Spark Streaming 与 Kinesis的集成

1:概念

Amazon Kinesis

  Amazon Kinesis是一种全面管理的服务,用于大规模实时处理流数据。提供多种核心功能,可以经济高效地处理任意规模的流数据,同时具有很高的灵活性。借助 Amazon Kinesis,可以获取实时数据 (例如视频、音频、应用程序日志、网站点击流) 以及关于机器学习、分析和其他应用程序的 IoT 遥测数据。借助 Amazon Kinesis,可以即刻对收到的数据进行处理和分析并做出响应,无需等到收集完全部数据后才开始进行处理。

Shard (分区)

  分区是 Amazon Kinesis 数据流的基本吞吐量单位。一个分片提供 1MB/秒数据输入和 2MB/秒输入输出容量。一个分片最高可支持每秒 1 000 个 PUT 记录。创建数据流时,必须指定所需的分区数量。

Record(记录)

  记录是存储在 Amazon Kinesis 数据流中的数据单元。记录由序列号、分区键和数据 Blob 组成。数据 Blob 是数据创建器添加到数据流的重要数据。数据块的最大尺寸(Base64 编码前的数据有效载荷)是 1 兆字节 (MB)。

Partition Key(分区键)

  分区键用于隔离Records并路由到不同的数据流Shards。分区键由数据创建器在添加数据到 Amazon Kinesis 数据流时指定。

Sequence Number(序列号)

  序列号是每个Record的唯一标识符

 

2:Kinesis Data Stream的限制

  1. kinesis默认情况下数据量的Record在添加后的最长24小时内进行访问。也可以启动延长数据保留期限来将该限制提升到7天。

  2. Record内的数据块最大是1MB

  3. 每个Shard 最高可支持每秒1000个Put输入记录。也就是说每个Shard的最大写带宽为1Gb/s

  

  本次实验是以Spark官网给出的例子来实现。有兴趣可以看英文原文:https://spark.apache.org/docs/latest/streaming-kinesis-integration.html 这次实现会创建一个名叫word-counts-kinesis的Kinesis Data Stream Shard 数量为1。

 

3:创建Kinesis stream

 

 

 

4: 实现一个往kinesis写数据的Producer

代码实现如下:

import java.nio.ByteBuffer

import com.amazonaws.auth.DefaultAWSCredentialsProviderChain
import com.amazonaws.services.kinesis.AmazonKinesisClient
import com.amazonaws.services.kinesis.model.PutRecordRequest
import org.apache.log4j.{Level, Logger}

import scala.util.Random

object KinesisWordProducerASL {

  def main(args: Array[String]): Unit = {
    //调整日志级别
    Logger.getLogger("org.apache.spark").setLevel(Level.WARN)
    Logger.getLogger("org.eclipse.jetty.server").setLevel(Level.OFF)

    //Kinesis Stream 名称
    val stream = "word-counts-kinesis"
    //Kinesis 访问路径
    val endpoint = "https://kinesis.us-east-1.amazonaws.com"
    //一秒钟发送1000个Records
    val recordsPerSecond = "1000"
    //一个Record包含100个单词
    val wordsPerRecord = "10"

    val totals = generate(stream, endpoint, recordsPerSecond.toInt, wordsPerRecord.toInt)
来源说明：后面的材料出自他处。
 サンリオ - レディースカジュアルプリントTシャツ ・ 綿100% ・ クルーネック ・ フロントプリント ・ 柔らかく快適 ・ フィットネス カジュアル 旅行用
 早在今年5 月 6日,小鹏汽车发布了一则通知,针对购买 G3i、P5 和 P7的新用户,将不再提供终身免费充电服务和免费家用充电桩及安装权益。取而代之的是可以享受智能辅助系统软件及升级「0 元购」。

    println("Totals for the words send")
    totals.foreach(println(_))
  }

  private def generate(stream: String,
                       endpoint: String,
                       recordsPerSecond: Int,
                       wordsPerRecord: Int): Seq[(String, Int)] = {
    //定义一个单词列表
    val randomWords = List("spark", "hadoop", "hive", "kinesis", "kinesis")
    val totals = scala.collection.mutable.Map[String, Int]()
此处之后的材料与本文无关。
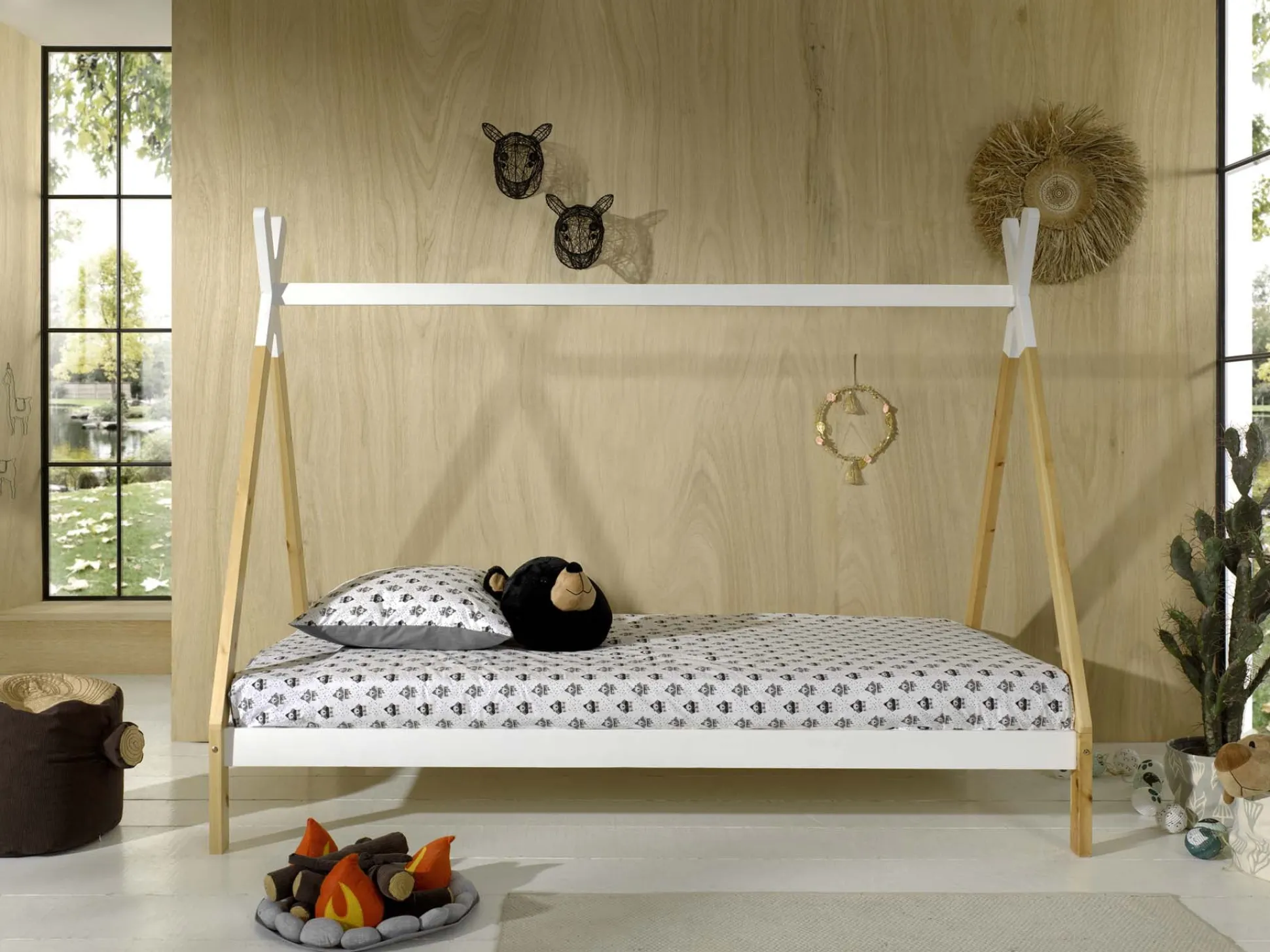 Met dit prachtige tipibed is je kind helemaal gelukkig! Door het bed te versieren met kleurrijke kussens, dekentjes en andere attributen maak je het al gauw gezellig. Het bed is vervaardigd uit Scandinavisch grenen en afgewerkt met een sterke lak. Het bed wordt geleverd inclusief lattenbodem. Maximaal toelaatbare gewicht per slaapplaats is 75KG. Onder het bed voldoende opbergruimte voor speelgoed of voor het plaatsen van een rolbed. Gemakkelijk te monteren door middel van bijgeleverde montagehandleiding.

    //建立Kinesis连接 这里aws_access_key_id,aws_secret_access_key已经存在本地credentials
    val kinesisClient = new AmazonKinesisClient(new DefaultAWSCredentialsProviderChain())
    kinesisClient.setEndpoint(endpoint)

    println(s"Putting records onto stream $stream and endpoint $endpoint at a rate of" +
      s" $recordsPerSecond records per second and $wordsPerRecord words per record")
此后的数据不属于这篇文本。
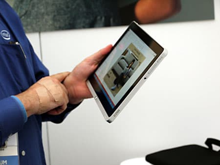 На практике работу такого датчика показали в паре с планшетом Samsung, на фото датчик (прототип) виден в виде прямоугольной коробочки, прикрепленной с правого края планшета. В законченных продуктах датчик можно будет просто интегрировать в корпус планшета.
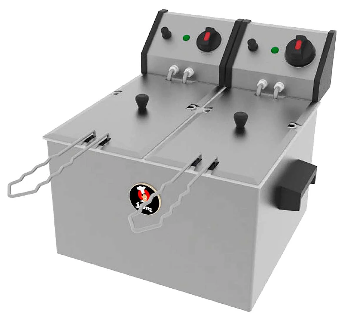 La Freidora Sobremesa J-3/2 de Jemi, está construida en acero inoxidable y provista de termostato de temperatura y termostato de seguridad.

    //根据recordsPerSecond 和 wordsPerRecord 将随机生成的单词放入Record
    for (i <- 1 to 2) {
      val records =(1 to recordsPerSecond.toInt).foreach {
        recordNum =>
          val data = (1 to wordsPerRecord.toInt).map(x => {
            val randomWordIdx = Random.nextInt(randomWords.size)
            val randomWord = randomWords(randomWordIdx)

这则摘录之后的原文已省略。